Tom Collins frowned. ‘With this mental disorder the idea is to make a person sick, not kill them. This sounds closer to ‘Mercy Killings’ rather than Munchausen. And even then, it’s still a stretch.’

They carried on walking while Greg talked and they neared the hospital exit. Tom Collins’s final comments gave Greg no answers and no comfort. ‘First case, she was right to call in the police and it did prove suspicious, didn’t it? The woman did an illegal abortion on herself. Second case: can happen to anyone. Drug errors are made, not often – especially given the amount of drugs they give in A & E – but it happens. Third case: your hit and run, sounds like Lunchtime Lilly got herself into a bad situation with a whacko punter. And the anonymous phone call and message left on Dr Taylor’s car I’d say were malicious pranks.’ Tom stretched his shoulders back and rolled his neck. ‘Christ, I’m tired.’ Then he focused back on Greg. ‘The thing is, Greg, everything you’ve told me would be scoffed at by the CPS. You don’t have any evidence.’

‘What about Fiona Woods?’

Tom grimaced. ‘Whoever killed her, Greg, as far as I’m concerned, is a cold-blooded psychopath. Long time since I saw such a brutal murder. Goes without saying that I hope you’re wrong about Dr Taylor. I don’t envy you one bit going down that avenue.’ As Tom exited the glass doors he gave a casual salute. ‘Be seeing you soon, no doubt.’

Greg wished he could go home to a warm bed too. He could then bury himself under the blankets and not be the one who had to investigate Alex Taylor.





Chapter forty

The sky was getting darker and heavy clouds were shutting out the moon. A cold breeze was making her shiver and her thigh and calf muscles were stiffening.

She was alone on the path, and watched the leaves on the trees shake with each gust of wind while she steadied her breathing and let her heart slow down. There was nothing here to disturb her, and she leaned against a tree and tried to relax.

During the last couple of miles, thoughts of the evening ahead had almost buckled her legs with fear. She wasn’t ready to face him again and her biggest fear was that Richard Sickert and Maggie had got it wrong. She had begun to allow herself to believe they were right, to believe that her abduction from the car park was only in her imagination. But supposing they were wrong and she really had been abducted, not by some unknown psychopath that she had made up, but by the same man she was meeting tonight. It might have been him who abducted her from the car park. He was an actor. He would know all about disguises. He had learned the role of a doctor with her help. She had been unable to recognise the voice of the man who attacked her, but what if it was him all along?

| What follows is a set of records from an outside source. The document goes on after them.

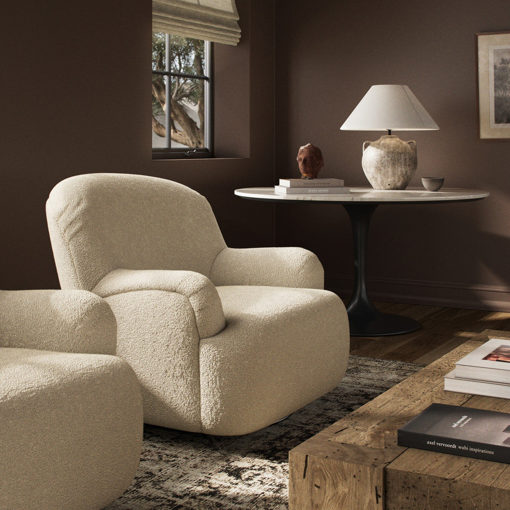 Simply classic. A high wing back pairs with softly rolled arms for a curvy look and supportive sit. Cream shearling-like upholstery invites you to sit and stay a while.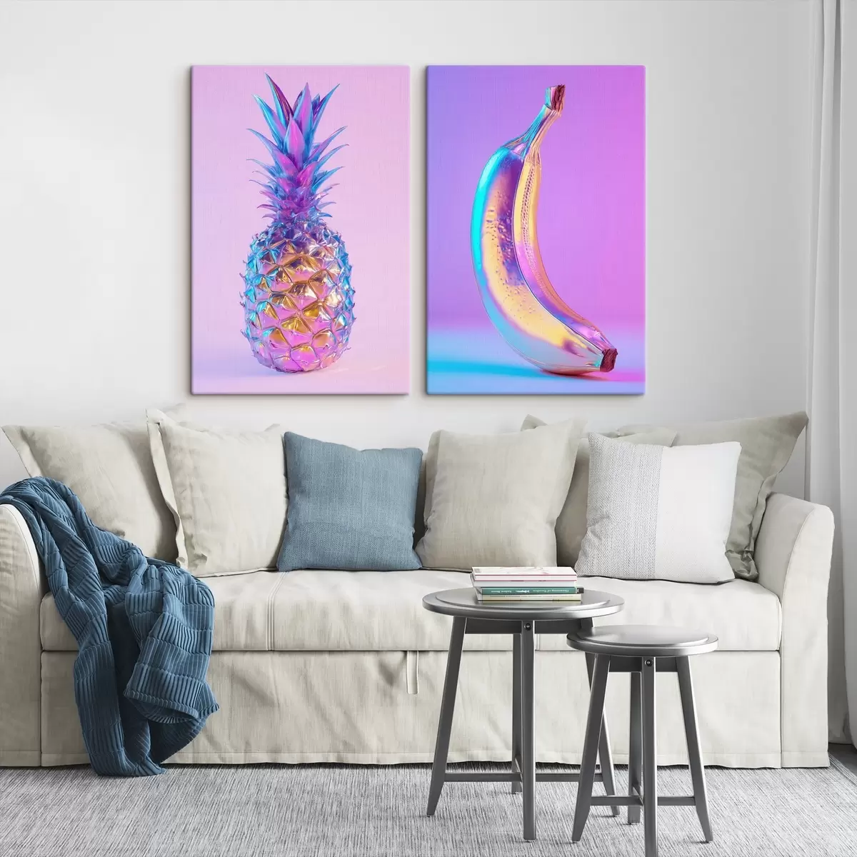 Vászonkép fényes, csillogó ananász és banán pop art stílusban Nr m00737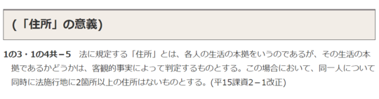 住所の判定は、職業や家族の住所、財産の所在地などを総合的に勘案して判定します。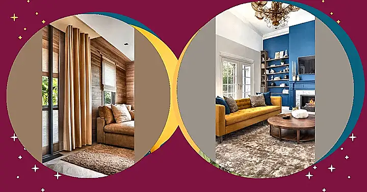 This living room totally gets that home decorating is all about mixing things up and having a blast! Who knew a sunshine-yellow couch and a super cool blue wall could look this awesome together? It’s like they’re best friends, creating a vibe that’s both chill and exciting, perfect for kicking back after a long day of homework (or, let’s be real, a long day of scrolling). Forget plain ol’ beige; this space proves you can absolutely make your room pop with colors that just make you grin. Plus, that fluffy rug looks so soft, you might just want to sprawl out on it and never, ever move.
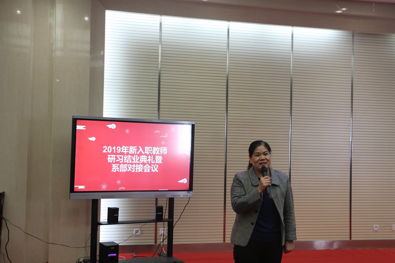10月29日上午,2019年新入职教师研习结业典礼暨系部对接会议在润德楼2楼会议厅举行,校党委委员、组织部部长周爱红出席并讲话,各系部相关度责人参加会议。

He could be getting back at her for rejecting him. In his sick mind he might think she deserved to be raped last year and was now targeting her again. If so, then maybe he was involved in the death of Amy Abbott. He may also have killed Lillian Armstrong. But why would he? Why would he target them as well? What was the connection between these other women and herself? Amy Abbott had been a nurse. Was it possible he met her in the hospital during the time he was shadowing Alex? Over three and a half thousand people worked at the hospital and Alex had only met her because she became a patient. And Lillian Armstrong had been a prostitute. Could he also have known her? Could he have stolen Alex’s fob key and lured the woman to where Alex lived?

Alex was terrified that she could be right, and that the man who attacked her last year could in fact be a serial killer and a rapist.

She needed to get back to Maggie’s and discuss it with her. She did not want to put either of them at risk if there was the slightest chance that she was right.

There was a sound in the bushes behind her and she was sure it wasn’t leaves rustling in the wind. She tensed and waited for someone to come hurtling out at her and felt fresh sweat break out on her skin. A minute or more passed and the bushes stayed still. Releasing an unsteady breath she pushed away from the tree and headed up the slippery embankment, towards her car.